Another recently described approach to genome-wide copy number detection is the use of synthetic high-density oligonucleotide microarrays (815). These commercially available microarrays, designed to genotype 10,000, 50,000, or 100,000 single-nucleotide polymorphisms (SNP) in human genomic DNA, provide attractive alternatives to BAC-array CGH (1619). The Affymetrix GeneChip Mapping 100K high-density oligonucleotide arrays contain 116,204 SNPs with a mean spacing of 23.6 kb, and a potential to provide the highest resolution of copy number detection currently available (19). These arrays provide clear technical advantages including robust single-primer assay methodology, accurate and reproducible genotyping, and copy-neutral loss of heterozygosity (LOH) detection compared with array-CGH, karyotyping, and other oligonucleotide CGH arrays. Furthermore, these arrays are manufactured under stringent quality control procedures. However, there are a limited number of algorithms/software available and they suffer from certain limitations which may result in false-positive and false-negative estimations. For example, the software dChipSNP6

requires the use of a paired-normal sample, which is often unavailable, to perform the analysis (10, 20). Furthermore, dChipSNP can currently only process the Mapping 10K array and not the 50K or 100K arrays. Another alternative software/algorithm for detecting copy number changes from the Mapping 100K arrays is Chromosome Copy Number Analysis Tool (CNAT).7 CNAT uses a set of 110 normal reference individuals and thus overcomes the paired-normal requirement but does not account for experimental variation in the samples being compared (9).
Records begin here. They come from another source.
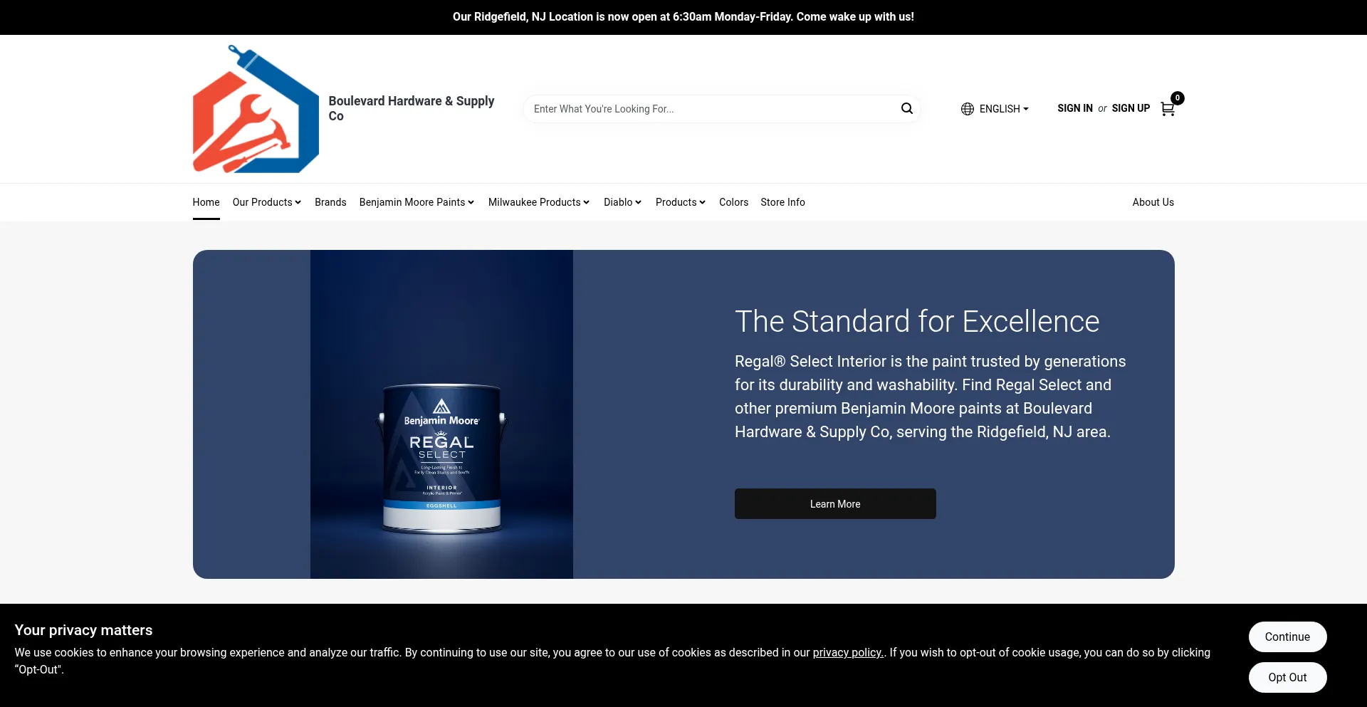 该网站实现符合GDPR或CCPA等隐私法规的cookie同意机制。这表明 blvdhardware.com 遵守数据保护标准并为用户提供对个人数据收集实践的控制。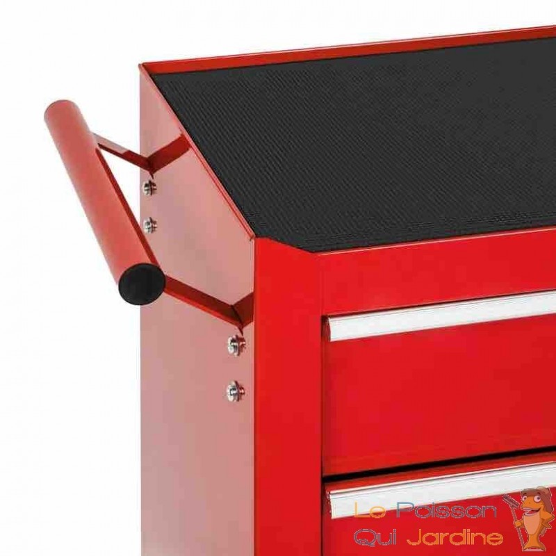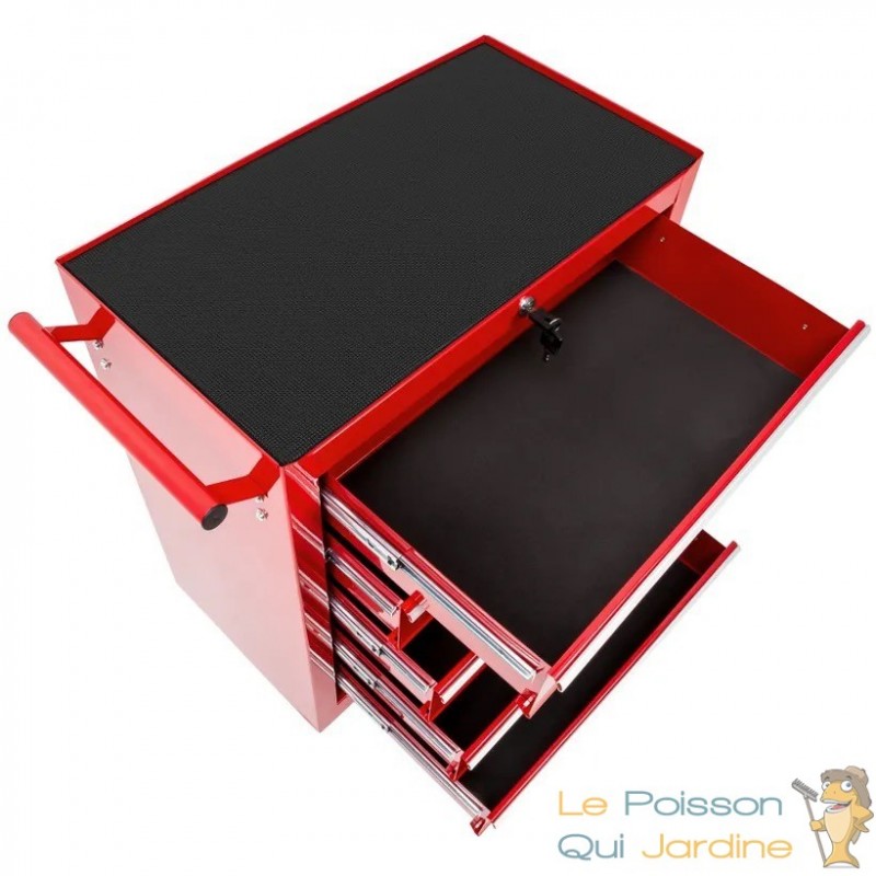 Un autre avantage essentiel est la présence de tapis antidérapants à l'intérieur des tiroirs et sur le plateau du chariot. Ces tapis garantissent que vos outils restent bien en place, même lors de déplacements ou de manœuvres rapides. Fini les outils qui glissent ou s'entrechoquent, grâce à ces tapis pratiques.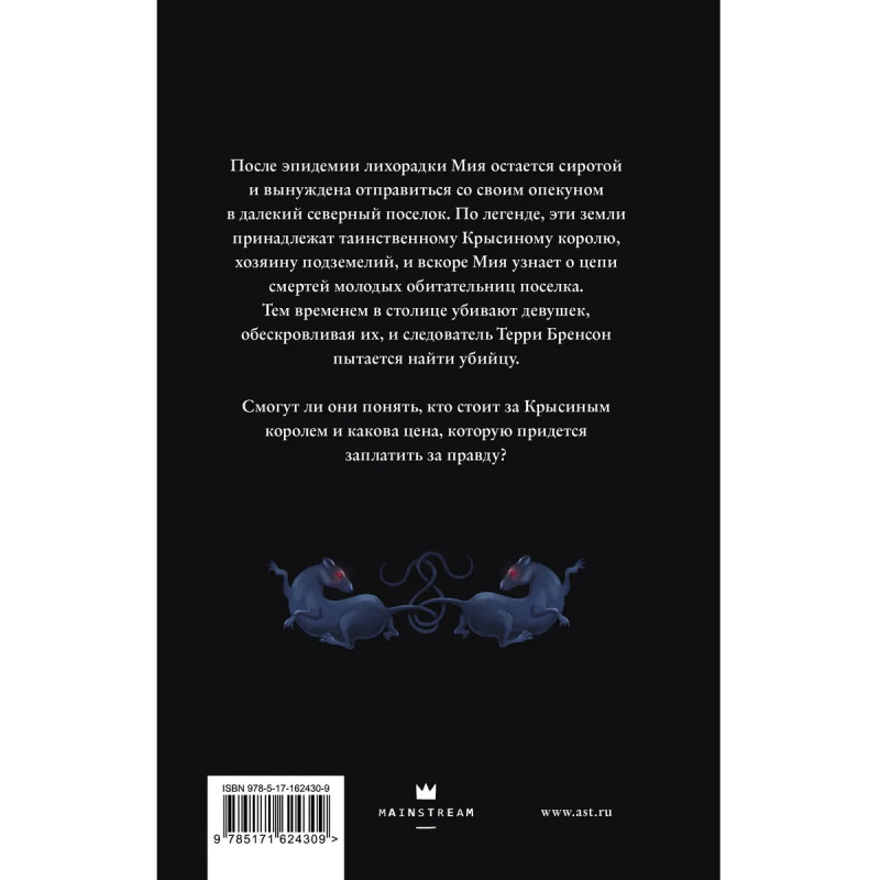 Темное фэнтези, в котором переосмысливается легенда о таинственном Крысином короле, от популярного в Сети автора. Детективно-приключенческий роман с готическими вайбами, старой тайной и серией кровавых убийств. В этой книге читателей ждет борьба за власть, политические интриги, мстительный дух убитого правителя и загадочные личности, чьи мотивы не до конца понятны.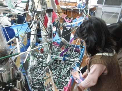 左京北支部の育成学級の友だちと一緒にストローを使った造形遊びや作品作りに取り組みました。ストローやペットボトルでできた素敵なジャングルジムに「小さくなった自分」も飾り付けて楽しい作品が完成しました。

Here we present an improved algorithm for copy number detection using Affymetrix GeneChip Mapping 100K arrays. This algorithm improves signal-to-noise (S/N) ratios by reducing variation in the raw signal ratios and optimizes the selection of the reference. In addition, availability of accurate genotyping information further enables LOH inference and allele-based copy number analysis. This combination of >100,000 SNP markers and a robust copy number algorithm results in a powerful system for high-resolution analysis of copy number alterations, which is unattainable by other current methods.
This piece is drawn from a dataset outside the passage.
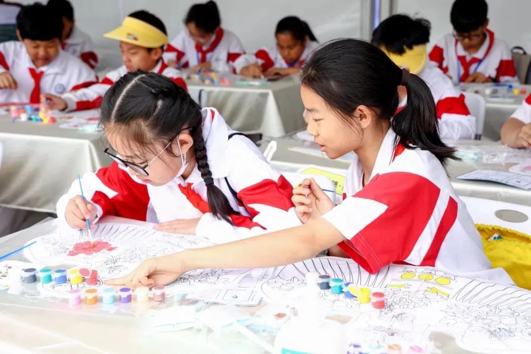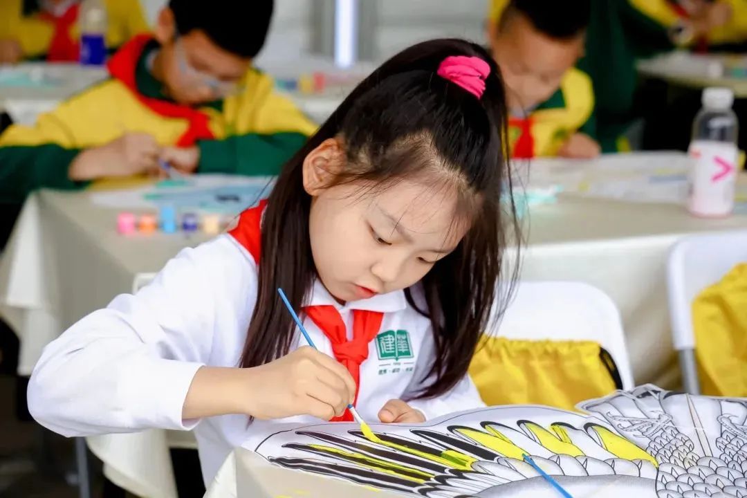 活动中,北京市东城区风筝协会走进现场,为学生们介绍风筝的起源、历史、制作工艺和文化内涵。同时,结合现场各式各样的风筝作品,让学生们更加直观地感受这一传统文化的魅力。在风筝DIY板块,学生们各自领取到一个空白风筝,在专业老师指导下,大家快速掌握风筝制作技巧,随后充分发挥想象力,迫不及待地绘制着属于自己的风筝。或彩笔描绘,或淡墨渲染,一笔一画,一色一调,学生们相继在风筝上绘出心中的那抹色彩与图案,一个个绚丽多彩,形态各异的风筝诞生了。
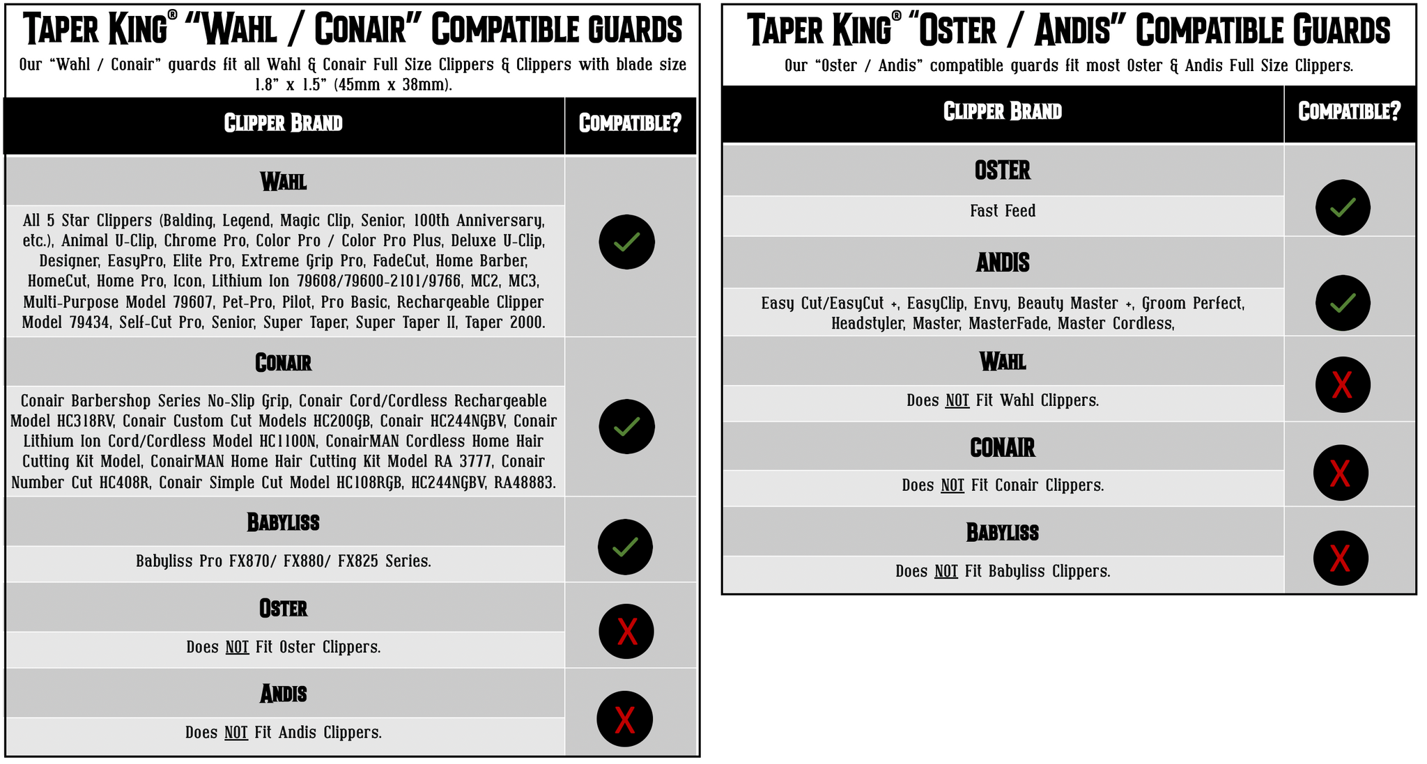 Please check the below charts to determine if our Taper King® guards will fit your clippers. If you have any questions about whether your clippers are compatible, please don't hesitate to send us an email.

Samples. We obtained the lung cancer cell lines CRL-5929, CRL-5872, and their immortalized lymphoblast CRL-5969, and CRL-5958, from American Type Culture Collection (Rockville, MD), and glioma cell line U251, and immature T-cell line HPB-ALL from Riken (Tsukuba, Japan). Peripheral blood samples and primary tumor specimens were collected from 96 normal volunteers and 33 patients with hematologic malignancies, and subjected to DNA extraction. Informed consent was obtained from the subjects according to the protocols approved by the Institutional Review Boards of the University of Tokyo.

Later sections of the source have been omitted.